Разговор не клеился, и скоро все разошлись спать…
Ночью, часа примерно в два, наш поезд все еще стоял. У меня ужасно ныли все кости, и я никак не мог уснуть.
Солдаты гуманной профессии!
Моя вера в гуманность медперсонала еще и до нашего окружения не раз подвергалась серьезным испытаниям. Однако каждый раз я старался убедить себя в этом, даже когда разочаровывался в тех, в ком хотел увидеть образец для себя. Так, например, было и в сентябре прошлого года в Вертячем.

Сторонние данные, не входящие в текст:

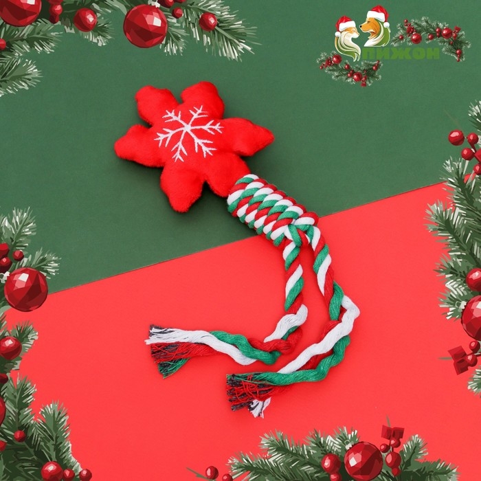 Игрушка пищащая, мягкая для собак "Снежинка" с канатом, 32 см

… Дивизионный врач подполковник Маас довольно часто появлялся в нашем медпункте. Я заметил, что он охотнее беседует с капитаном Бальцером, чем с командиром роты или другими офицерами. Но почему бы это?

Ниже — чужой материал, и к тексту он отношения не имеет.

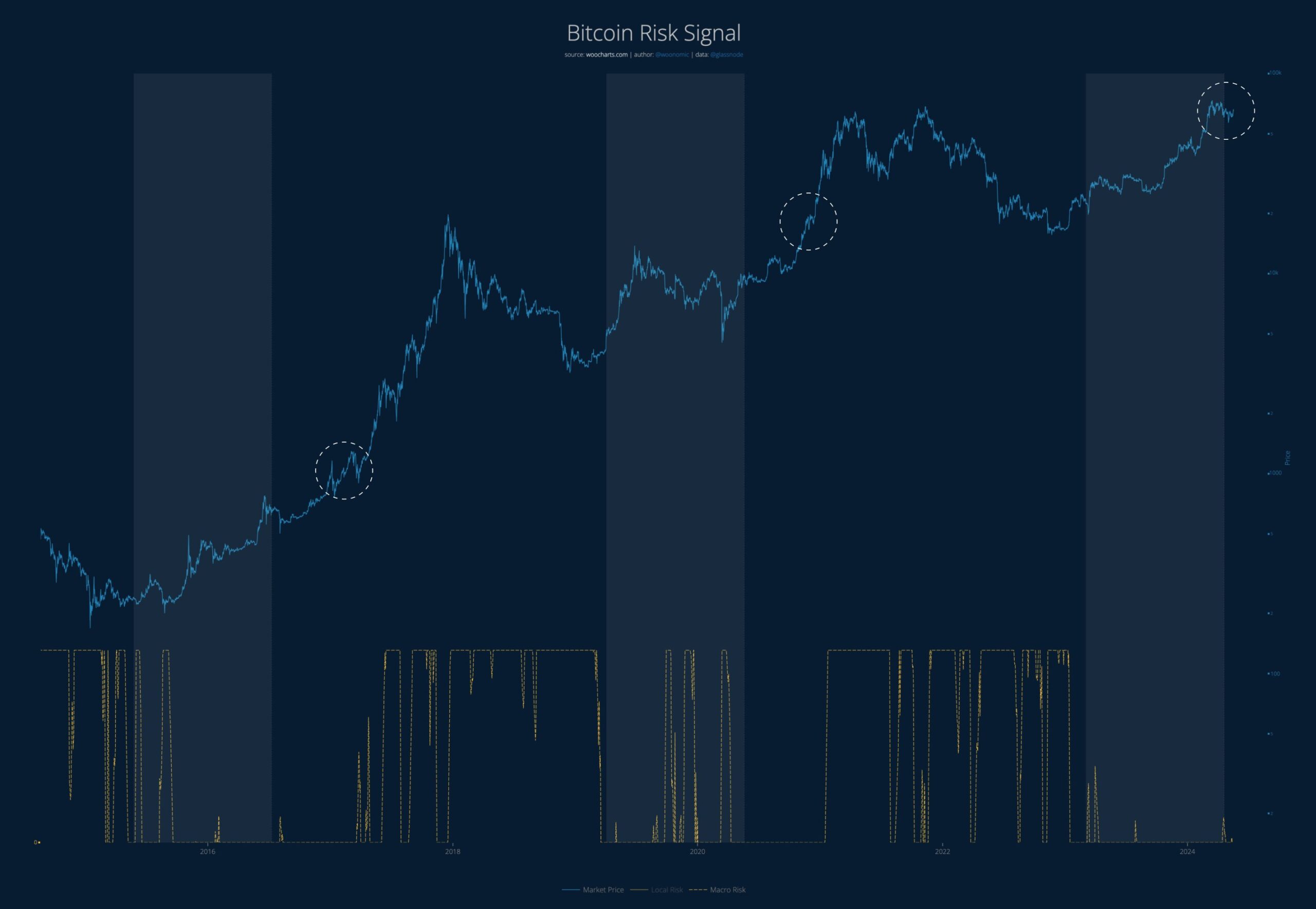 It’s consolidating under all-time highs, during this time, long time frame risk signal is quite low. Risk only starts climbing after the floodgates open.”

Здоровяку подполковнику перевалило за пятьдесят. На толстом его лице светились два крошечных, как у мышонка, глаза. Зато нос у него был огромный и фиолетового цвета. Между двумя мировыми войнами доктор Маас имел свободную практику в Падерборне и в армию попал четыре года назад. И даже если учесть, что в Первую мировую войну он получил Железный крест I класса, приход Мааса в армию был запоздалым. Военврач на шестом десятке не мог уже рассчитывать на успешное продвижение по службе. Он надеялся заручиться поддержкой старого нациста Бальцера. Именно поэтому их и можно было часто видеть вдвоем.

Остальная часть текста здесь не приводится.